The Court’s conservative majority believes that the First Amendment gives wealthy donors and powerful corporations the carte blanche right to buy an election but that the Fifteenth Amendment does not give Americans the right to vote free of racial discrimination.

These are not unrelated issues—the same people, like the Koch brothers, who favor unlimited secret money in US elections are the ones funding the effort to make it harder for people to vote. The net effect is an attempt to concentrate the power of the top 1% in the political process and to drown out the voices and votes of everyone else.

… Now consider what’s happened since Shelby County: 8 states previously covered under Section 4 of the Voting Rights Act have passed or implemented new voting restrictions (Alabama, Arizona, Florida, Mississippi, Texas, Virginia, South Carolina, and North Carolina). That has had a ripple effect elsewhere. According to the New York Times, “9 states [under GOP control] have passed measures making it harder to vote since the beginning of 2013.”

A country that expands the rights of the powerful to dominate the political process but does not protect fundamental rights for all citizens doesn’t sound much like a functioning democracy to me.

(c) Justice Roberts Hearts Billionaires: The chief either doesn’t believe, or doesn’t care, that money corrupts politics“, Dahlia Lithwick, Slate, 2 April 2014 — Excerpt:

Five years ago, when the Supreme Court handed down the decision in Citizens United v. Federal Election Commission, polls showed that the American public — or at least a mere 80% of them — disapproved. Now of course public approval hardly matters when it comes to interpreting the First Amendment, but given that one of the important issues in the case was the empirical question of whether corporate free speech rights increased the chance of corruption or the appearance of corruption in electoral politics, the court might care at least a bit about what the public thinks constitutes corruption. Or why the public believed Citizens United opened the floodgates to future corruption. Or why it is that campaign finance reform once seemed to be a good idea with respect to fighting corruption in the first instance.

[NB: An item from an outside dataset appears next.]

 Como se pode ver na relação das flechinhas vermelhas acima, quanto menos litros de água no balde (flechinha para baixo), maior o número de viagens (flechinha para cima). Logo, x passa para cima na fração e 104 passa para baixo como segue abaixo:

… That leaves three possibilities for the chief justice’s divorced-from-reality decision about the relationship between corruption, huge money, and politics today:

  1. Either he thinks Americans really don’t see any connection.
  2. Or he doesn’t care what we see or believe.
  3. Or he really doesn’t think that candidates dialing for big dollars constitutes corruption.

None of these alternatives is pretty. But I worry that the court has located itself so outside the orbit of the 99% that it simply doesn’t matter to the 5 conservatives in the majority that the American public knows perfectly well what bought government looks like and that Breyer is describing a level of cynicism that has already arrived.

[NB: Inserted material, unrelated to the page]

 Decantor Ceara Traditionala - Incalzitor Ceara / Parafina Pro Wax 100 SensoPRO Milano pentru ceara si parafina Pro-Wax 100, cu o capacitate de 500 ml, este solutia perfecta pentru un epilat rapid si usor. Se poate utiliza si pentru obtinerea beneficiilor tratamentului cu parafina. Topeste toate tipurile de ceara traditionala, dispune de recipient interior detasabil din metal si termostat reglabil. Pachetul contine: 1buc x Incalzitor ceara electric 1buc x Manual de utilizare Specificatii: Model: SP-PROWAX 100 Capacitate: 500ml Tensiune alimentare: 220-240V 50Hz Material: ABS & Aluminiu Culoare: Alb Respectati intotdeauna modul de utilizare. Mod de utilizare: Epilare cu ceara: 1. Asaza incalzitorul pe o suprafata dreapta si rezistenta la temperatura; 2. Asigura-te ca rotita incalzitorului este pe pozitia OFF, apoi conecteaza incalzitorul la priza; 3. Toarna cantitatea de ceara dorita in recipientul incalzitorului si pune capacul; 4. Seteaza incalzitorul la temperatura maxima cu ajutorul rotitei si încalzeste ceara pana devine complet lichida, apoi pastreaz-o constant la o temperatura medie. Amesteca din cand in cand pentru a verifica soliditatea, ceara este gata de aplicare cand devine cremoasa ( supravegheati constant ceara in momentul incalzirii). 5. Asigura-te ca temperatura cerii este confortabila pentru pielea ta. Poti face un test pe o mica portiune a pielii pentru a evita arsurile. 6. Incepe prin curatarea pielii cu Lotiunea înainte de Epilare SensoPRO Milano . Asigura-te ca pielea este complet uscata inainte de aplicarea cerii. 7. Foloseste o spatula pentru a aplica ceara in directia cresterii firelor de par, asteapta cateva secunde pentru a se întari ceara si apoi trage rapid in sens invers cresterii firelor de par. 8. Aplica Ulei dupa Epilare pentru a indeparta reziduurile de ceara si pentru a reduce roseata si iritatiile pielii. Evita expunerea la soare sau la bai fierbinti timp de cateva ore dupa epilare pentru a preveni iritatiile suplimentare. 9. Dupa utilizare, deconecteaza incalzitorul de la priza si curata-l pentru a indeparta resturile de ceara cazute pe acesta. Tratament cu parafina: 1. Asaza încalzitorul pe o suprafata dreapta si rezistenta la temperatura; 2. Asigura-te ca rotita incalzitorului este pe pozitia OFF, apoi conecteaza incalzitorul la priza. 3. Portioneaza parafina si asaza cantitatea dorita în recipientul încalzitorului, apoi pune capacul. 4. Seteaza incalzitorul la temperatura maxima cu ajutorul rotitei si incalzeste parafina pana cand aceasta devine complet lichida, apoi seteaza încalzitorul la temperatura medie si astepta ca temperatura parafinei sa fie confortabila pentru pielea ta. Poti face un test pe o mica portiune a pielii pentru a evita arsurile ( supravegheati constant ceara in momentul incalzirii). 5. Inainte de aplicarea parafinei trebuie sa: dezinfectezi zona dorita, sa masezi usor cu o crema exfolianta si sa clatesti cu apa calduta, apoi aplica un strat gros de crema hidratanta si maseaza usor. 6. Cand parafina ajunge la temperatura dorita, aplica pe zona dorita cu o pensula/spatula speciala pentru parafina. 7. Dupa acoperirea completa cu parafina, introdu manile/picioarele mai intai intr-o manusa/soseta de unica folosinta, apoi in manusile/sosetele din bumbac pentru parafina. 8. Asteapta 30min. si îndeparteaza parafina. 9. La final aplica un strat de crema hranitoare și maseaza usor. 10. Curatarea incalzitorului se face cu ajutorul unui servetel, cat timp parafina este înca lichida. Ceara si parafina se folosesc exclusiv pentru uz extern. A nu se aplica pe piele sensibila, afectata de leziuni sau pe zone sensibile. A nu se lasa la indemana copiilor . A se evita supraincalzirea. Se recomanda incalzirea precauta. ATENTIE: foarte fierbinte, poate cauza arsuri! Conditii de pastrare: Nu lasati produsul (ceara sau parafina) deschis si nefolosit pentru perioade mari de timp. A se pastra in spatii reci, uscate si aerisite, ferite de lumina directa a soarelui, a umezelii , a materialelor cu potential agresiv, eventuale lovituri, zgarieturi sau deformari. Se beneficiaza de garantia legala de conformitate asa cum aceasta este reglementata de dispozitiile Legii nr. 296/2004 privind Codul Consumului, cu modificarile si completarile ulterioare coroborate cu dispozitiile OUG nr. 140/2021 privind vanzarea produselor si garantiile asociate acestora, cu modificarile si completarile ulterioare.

Worse still, I worry that it matters very little to them that we will stop voting, donating, participating, or caring about elections at all in light of this decision to silence us yet further. In which case McCutcheon is a self-fulfilling prophecy in exactly the way Breyer predicts: Money doesn’t just talk. It also eventually forces the public to understand that we don’t much matter. It silences. It already has.

(d) Supreme Court’s abomination: How McCutcheon decision will destroy American politics“, Paul Campos (Prof Law, U CO-Boulder), Salon, 2 April 2014 — “Thanks to Scalia and co., the rich will now be able to buy politicians as effortlessly as they buy anything else.” Excerpt:

“Money talks,” Elvis Costello once observed, “and it’s persuasive.” The belief that this is especially true in the world of politics led to the passage of the Federal Election Campaign Act. In the aftermath of Watergate the FECA was strengthened in an attempt to limit the corrupting influence of money on politics, and, until 2010, the Supreme Court largely upheld Congress’s power to do so.

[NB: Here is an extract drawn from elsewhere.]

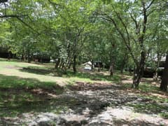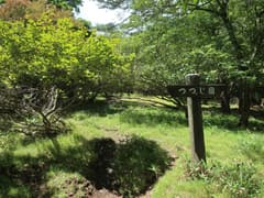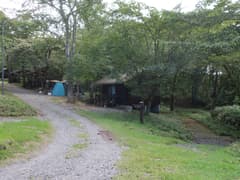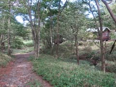 サクサク下り、三叉路は左の道へ。水道施設を過ぎると広い道となり、やがて右手にバンガローが見えて来る。バンガローの脇を通ると森林公園のWCの前の道に出た。こちらの道を登路にする場合、道標がないので入口がちょっと分かりにくい。
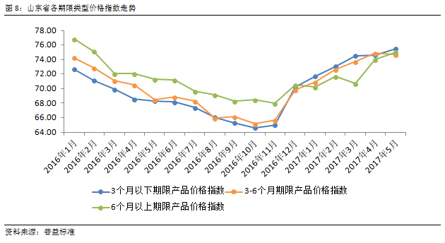 2017年5月,山东省银行理财市场价格指数延续了上涨表现,但涨幅有所收敛,环比上涨0.76点至75.36点。从银行类型看,山东省股份制银行和区域银行理财市场价格指数环比都有所上升,且涨幅相对较强,其中股份制银行环比上行1.32点至79.43点,而区域银行价格指数环比上涨1.52点至74.73点。与山东省股份制银行及区域银行较强的上涨趋势不同的是,国有银行指数出现了一定幅度的下滑,环比下滑0.87点至71.07点。从期限类型看,短期限指数及长期限指数均呈现上涨表现。显示出山东省银行理财对短期限及长期限资金需求强烈。

That year the Citizens United case, which essentially found that the free speech rights of corporations were more important than legislative attempts to keep money from corrupting the political process, occasioned a great deal of outrage. But that case marked merely the beginning of what is likely to prove to be a series of increasingly successful assaults on campaign finance laws.

And now, Wednesday, the next blow to attempting to keep the rich from being able to buy politicians as effortlessly as they purchase anything else has been struck by McCutcheon v. FEC, a Supreme Court case dealing with limits on how much money individuals can contribute to candidates.

McCutcheon has now struck down overall limits on individual campaign contributions. This latest outburst of judicial activism in the struggle to render campaign finance laws completely toothless is merely accelerating a historical process that is coming to seem almost inevitable.

To see why, consider the practical implications of the theory that weak or nonexistent limits on campaign finance will allow the rich to transform what is putatively a democratic republic into an unapologetic plutocracy.

… If the Koch brothers want the First Amendment to mean that rich people have a constitutional right to buy unlimited political influence, they and their ilk will use their wealth to eventually bring about the social and political conditions that will guarantee that five people who sincerely agree with them on this point will be sitting on the Supreme Court.

About the details of the ruling (will be updated)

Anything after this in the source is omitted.